Copyright © 2005 by the Rockefeller University Press.


Article

Subcellular targeting of oxidants during endothelial cell migration

Ru Feng Wu1, You Cheng Xu1, Zhenyi Ma1, Fiemu E. Nwariaku1, George A. Sarosi, Jr.1,2, , and Lance S. Terada1,2

1 University of Texas Southwestern, Dallas, TX 75390
2 Dallas Veterans Administration Medical Center, Dallas, TX 75390

Correspondence to Lance S. Terada: Lance.Terada{at}med.va.gov

Abstract: Endogenous oxidants participate in endothelial cell migration, suggesting that the enzymatic source of oxidants, like other proteins controlling cell migration, requires precise subcellular localization for spatial confinement of signaling effects. We found that the nicotinamide adenine dinucleotide phosphate reduced (NADPH) oxidase adaptor p47phox and its binding partner TRAF4 were sequestered within nascent, focal complexlike structures in the lamellae of motile endothelial cells. TRAF4 directly associated with the focal contact scaffold Hic-5, and the knockdown of either protein, disruption of the complex, or oxidant scavenging blocked cell migration. An active mutant of TRAF4 activated the NADPH oxidase downstream of the Rho GTPases and p21-activated kinase 1 (PAK1) and oxidatively modified the focal contact phosphatase PTP-PEST. The oxidase also functioned upstream of Rac1 activation, suggesting its participation in a positive feedback loop. Active TRAF4 initiated robust membrane ruffling through Rac1, PAK1, and the oxidase, whereas the knockdown of PTP-PEST increased ruffling independent of oxidase activation. Our data suggest that TRAF4 specifies a molecular address within focal complexes that is targeted for oxidative modification during cell migration.

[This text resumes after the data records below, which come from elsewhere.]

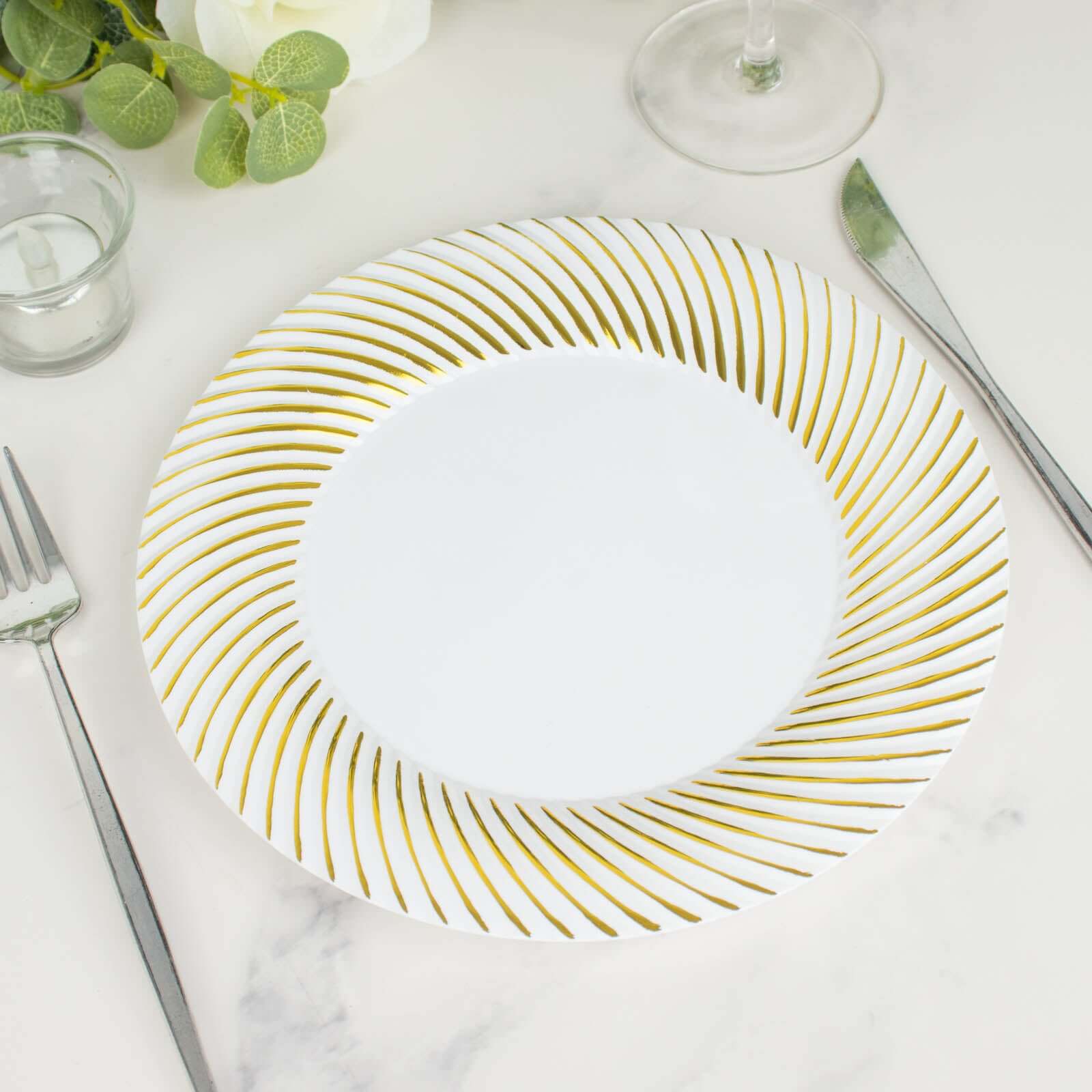 10-Pack Plastic 9" Round Dinner Plates White with Gold Swirl Rim - Disposable Party Plates
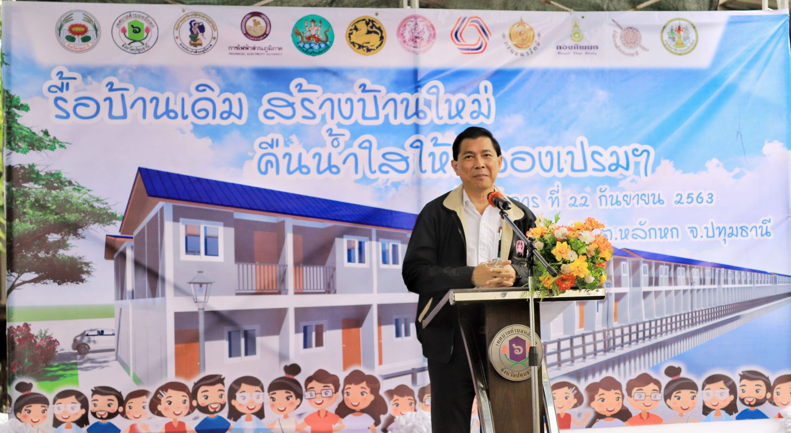 เมื่อเวลา 09.00 น. วันที่ 22 กันยายน 2563 ดร.พินิจ บุญเลิศ ผู้ว่าราชการจังหวัดปทุมธานี นายไมตรี อินทุสุต ประธานกรรมการสถาบันพัฒนาองค์กรชุมชน(องค์การมหาชน) หรือพอช.กระทรวงการพัฒนาสังคมและความมั่นคงของมนุษย์ พันเอก ณัฐพล บุญกระพือ ผู้แทนผู้บัญชาการกองพลทหารม้าที่ 2 รักษาพระองค์ นายสิทธิชัย สวัสดิ์แสน ปลัดจังหวัดปทุมธานี นายอาวุธ วิเชียรฉาย นายอำเภอเมืองปทุมธานีนางสาวบุษนี แพร่วิศวกิจ โยธาธิการและผังเมืองจังหวัดปทุมธานี และหน่วยงานที่เกี่ยวข้อง ร่วมกัน จัดกิจกรรม “รื้อบ้านเดิม สร้างบ้านใหม่ คืนน้ำใสให้คลองเปรมประชากร” ณ หมู่ที่ 7 ตำบลหลักหก อำเภอเมือง จังหวัดปทุมธานี โดยมีผู้แทนกรมทหารม้าที่ 5 กองพลทหารม้าที่ 2 รักษาพระองค์ ผู้แทนกรมธนารักษ์ ผู้แทนสหกรณ์จังหวัดปทุมธานี ชาวชุมชนริมคลองเปรมประชากร และภาคีเครือข่ายพัฒนาชุมชนริมคลองเข้าร่วมงานประมาณ 200 คน
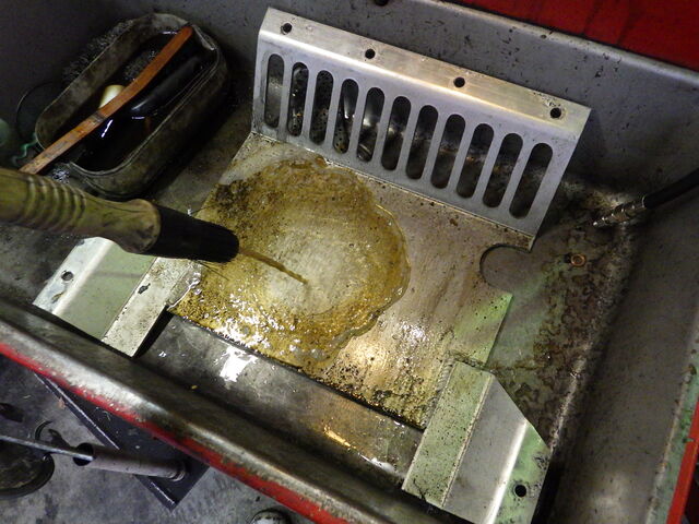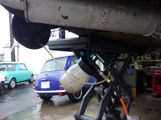 洗浄剤が十分行き渡ったところでクーラントを抜いていきます。
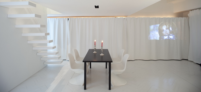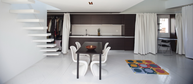 Този малък апартамент предлага: просторна трапезария, хол (докато има и други области за различни дейности, скрити зад кожена завеса), кухня в центъра, работно пространство, и гардероб. Банята е скрита зад семпло стълбище.
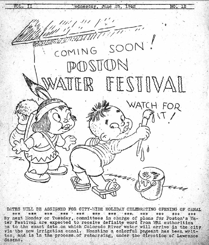 Page 1: Water festival planned for July 4th; more on the injuries from the train wreck; Poston population 7789, 3800 new citizens coming this week; swimming pools under construction; births.

Abbreviations used in this paper: 5'-IAF, 5'-iodoacetamidofluorescein; CRIB, Cdc42–Rac1 interaction binding; HUVEC, human umbilical vein endothelial cell; JNK, c-Jun NH2-terminal kinase; MOI, multiplicity of infection; PAK, p21-activated kinase; PID, PAK inhibitory domain; siRNA, short inhibitory RNA; TIRF, total internal reflection fluorescence.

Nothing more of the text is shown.